When, after the school massacre, detectives put out a description of a white scooter being ridden by a gunmen with the same modus operandi, garage owner Christian Dellacherie, suddenly put two and two together and called the police.
"I'm shocked," he said on Wednesday, reflecting a wider sense of disbelief among many who know Merah, including friends who spoke of him as not outwardly religious, an amateur soccer player, visiting night-clubs and generally blending in with the crowd of those brought up in Toulouse's immigrant suburbs.
"He was a customer who appeared totally normal, whom we knew, and you have a hard time believing that he could have turned around and done something like this," said Dellacherie.
The ground-floor apartment where police had him cornered after he shot back and wounded two officers who stormed his home around 3 a.m. on Wednesday also blends in to the background.
But phone tap evidence, police say, gave them grounds to launch the operation. Explosives found in a car nearby belonging to Merah's brother, who has been arrested, reinforced the belief among prosecutors that the trail had led to the right man.
Lawyer Christian Etelin, defending Merah who police say has a record of relatively minor offences, described his client as "complex" and displaying signs of a "dual personality".

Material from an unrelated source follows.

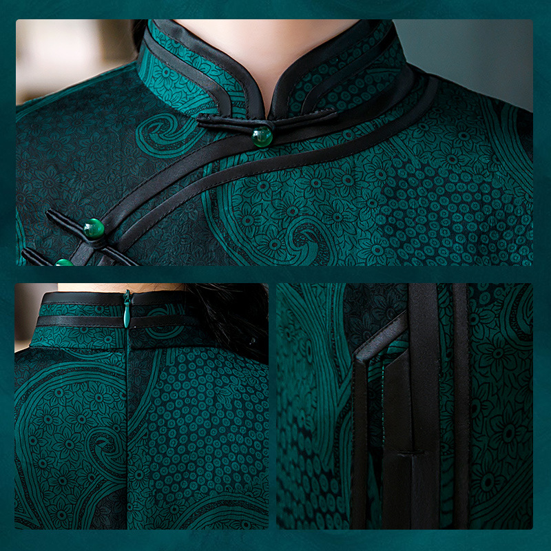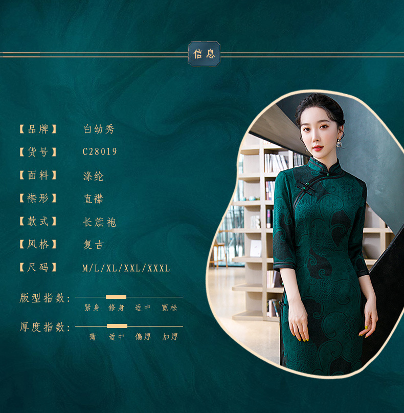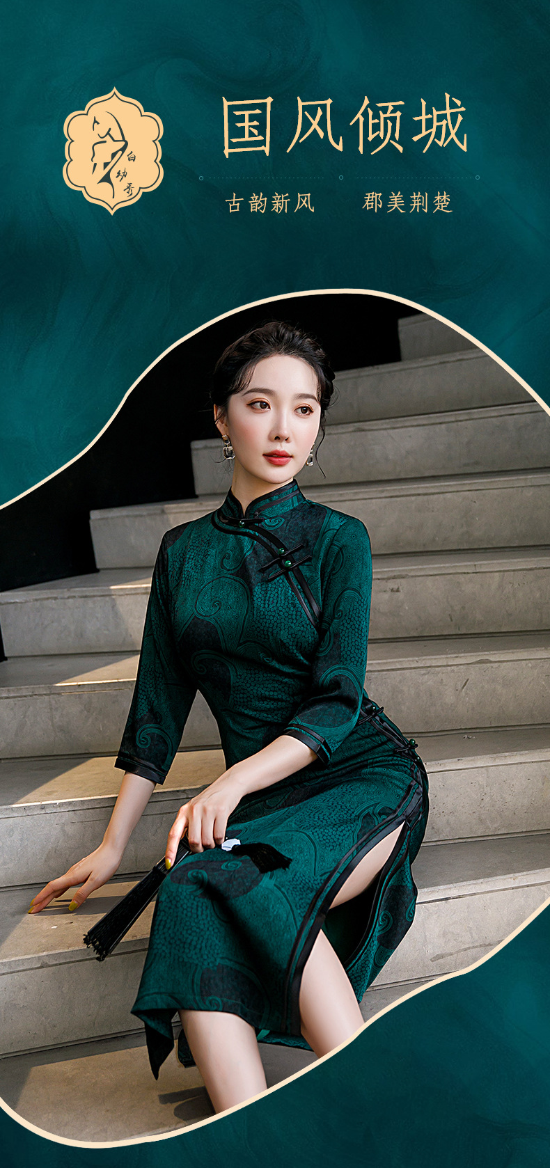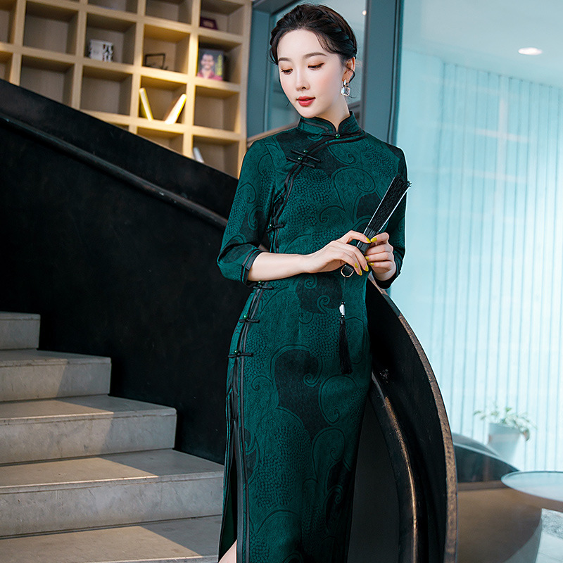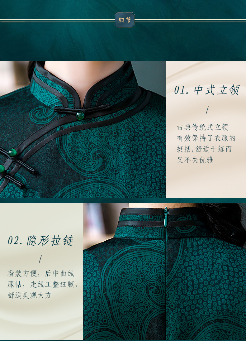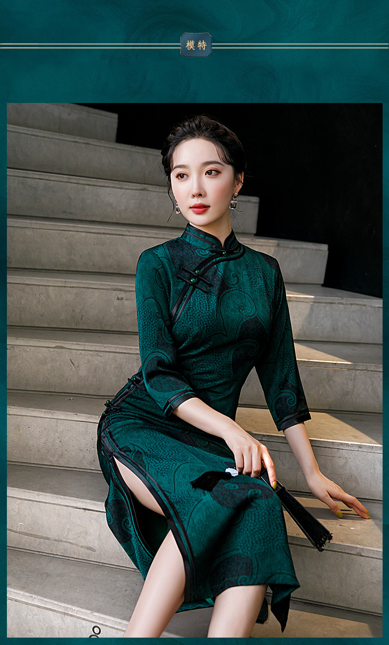 2021秋冬季新款中国风绿色女士复古立领旗袍晚宴会优雅礼服C8019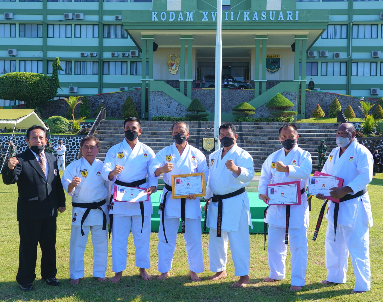 Manokwari – Kodam XVIII/Kasuari, menggelar acara pelantikan pengurus affiliasi pusat Institut Karate-Do Indonesia (INKAI) Kodam XVIII/Kasuari serta penyematan Dan kehormatan, di Lapangan Upacara Makodam XVIII/Kasuari, Trikora, Arfai 1 Manokwari, Papua Barat dihadiri Pangdam XVIII/Kasuari I Nyoman Cantiasa, S.E., M.Tr.(Han) dan Wakil Ketua Umum 3 PP INKAI, Machrup Elric, S.H., MBA., sebagai pimpinan upacara, Jumat (25/6/2021).

Prosecutors say he has claimed to be on a mission for al Qaeda to avenge Palestinian children and to punish France for sending troops to Afghanistan. But it is unclear whether anything clearly linked Merah to organized militant groups.
Since he drew little attention to himself otherwise, police faced an uphill struggle in focusing in on Merah as a suspect, even as the killings continued.
Asked if the investigation could have moved more quickly, in a way that could have saved the children of Ozar Hatorah, Defense Minister Longuet was firm, however: "I don't think so," he said. "Not without turning France into a police state."